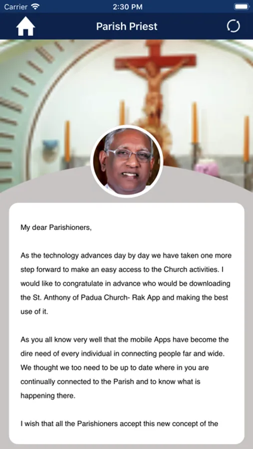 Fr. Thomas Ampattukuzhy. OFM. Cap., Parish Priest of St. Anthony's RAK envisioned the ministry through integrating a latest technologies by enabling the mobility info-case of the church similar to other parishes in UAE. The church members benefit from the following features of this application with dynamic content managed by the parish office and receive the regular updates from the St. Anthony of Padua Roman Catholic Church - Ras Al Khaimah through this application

=-=-=

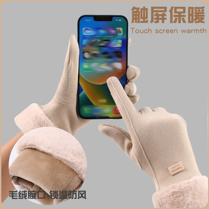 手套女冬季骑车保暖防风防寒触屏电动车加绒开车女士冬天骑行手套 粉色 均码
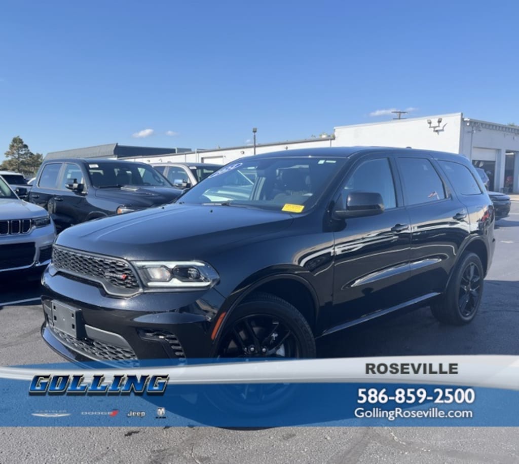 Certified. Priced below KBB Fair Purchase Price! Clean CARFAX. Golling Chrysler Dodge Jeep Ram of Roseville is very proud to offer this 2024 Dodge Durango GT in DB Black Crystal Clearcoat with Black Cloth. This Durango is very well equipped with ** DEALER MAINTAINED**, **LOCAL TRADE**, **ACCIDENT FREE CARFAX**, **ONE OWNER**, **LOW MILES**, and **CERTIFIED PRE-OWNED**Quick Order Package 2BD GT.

=-=-=

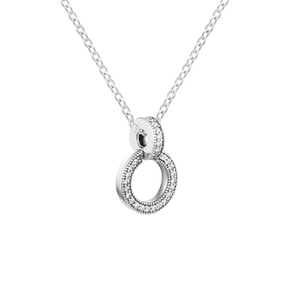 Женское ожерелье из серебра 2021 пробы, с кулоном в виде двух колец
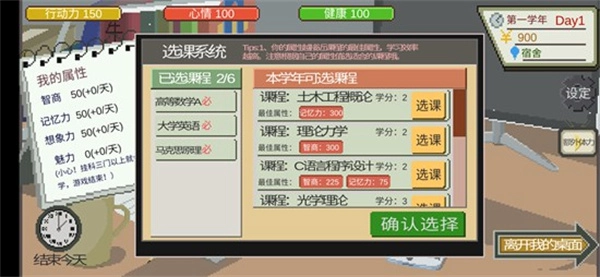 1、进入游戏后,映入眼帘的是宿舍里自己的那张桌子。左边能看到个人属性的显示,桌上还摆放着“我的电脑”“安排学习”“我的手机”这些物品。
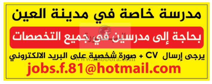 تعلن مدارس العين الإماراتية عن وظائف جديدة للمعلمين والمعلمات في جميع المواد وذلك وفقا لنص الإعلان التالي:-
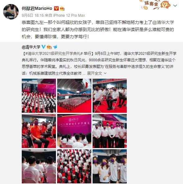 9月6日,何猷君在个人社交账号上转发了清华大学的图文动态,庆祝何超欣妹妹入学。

=-=-=

Each line from the one that contains "تعلن مدارس العين" down to the one that contains "9月6日,何猷君在个人社交账号上转发了清华大学的图文动态,庆祝何超欣妹妹入学。" is to be returned exactly as it stands above, both ends included, with pictures removed.

 تعلن مدارس العين الإماراتية عن وظائف جديدة للمعلمين والمعلمات في جميع المواد وذلك وفقا لنص الإعلان التالي:-
 9月6日,何猷君在个人社交账号上转发了清华大学的图文动态,庆祝何超欣妹妹入学。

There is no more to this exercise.